Welcome, folks to talking with the Killer, a 54-year-old rock king dethroned before his time – in fact, before his prime – by the 1958 disclosure of a mad marriage to his 13-year-old second cousin.
The scandal caused Lewis, a Bible college dropout, to fall from rock ‘n’ roll grace into comparative oblivion – made all the more bruising by the fact that he was arguably the most intense performer, and most brilliant self-taught pianist, to ever rattle music stages around the world.”
From “THE KILLER BLOWS SMOKE FOR ‘FIRE’” by Jack Hurst and Country music. Chicago Tribune, June 24, 1989.
The second reference is from the book the reporter mentioned, actually, it’s called “Buddy Holly: Biography” by Ellis Amburn. In it, Ellis wrote that record executive Joe Smith and Jerry Lee spoke on the plane, during Buddy Holly, along with Paul Anka’s tour to Australia. They’d been drinking when Jerry Lee “confessed,” which is the word Ellis used. That yes, indeed, he and Elvis went on a naked motorcycle ride at 2:30 AM in Memphis, in a young Jerry Lee’s own words; “only for thirty-five or forty seconds, ‘round the corner and back.”
The third reference was from “Jerry Lee Lewis: His Own Story” by Rick Bragg. When asked the same question, instead of brushing it off or saying it wasn’t true. Jerry Lee laughed and said he can’t say anything about that because “Elvis isn’t here to defend himself.”

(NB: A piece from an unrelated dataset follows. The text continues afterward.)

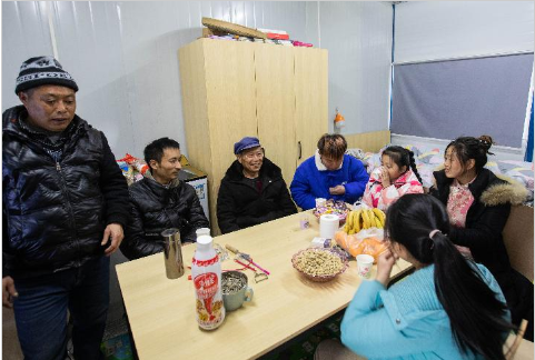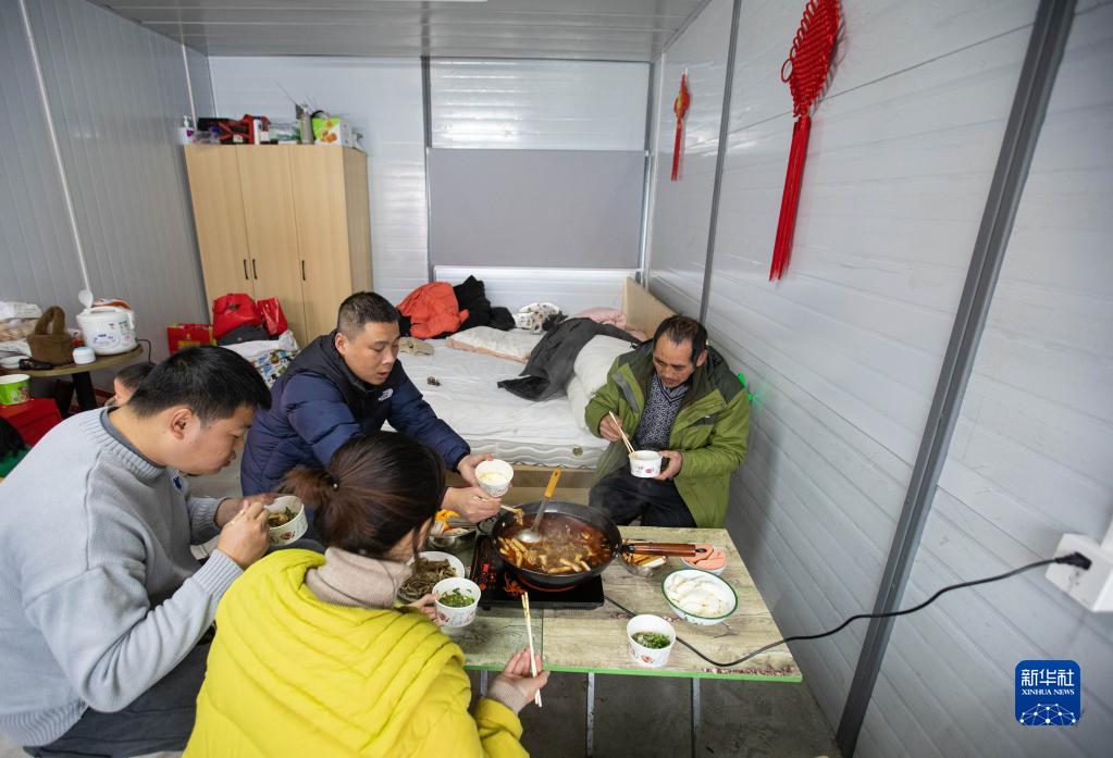 1月26日,瀘定縣磨西鎮(zhèn)磨子溝村李華軍一家在“9·5”瀘定地震磨西鎮(zhèn)安置點(diǎn)吃午飯。新華社記者江宏景攝

So, while Jerry Lee was right that you can’t believe everything anyone says, that doesn’t mean there aren’t patterns. Maybe, he thought it was funny to lie. Maybe, it happened and so what? It’s just two bros cruising down the street at night, naked on motorbikes, 5 feet apart – ‘cause they’re not gay. 😋
Other important lessons are if you do happen to go motorbiking naked with your supposed arch nemesis, don’t get caught, and don’t tell anyone about it!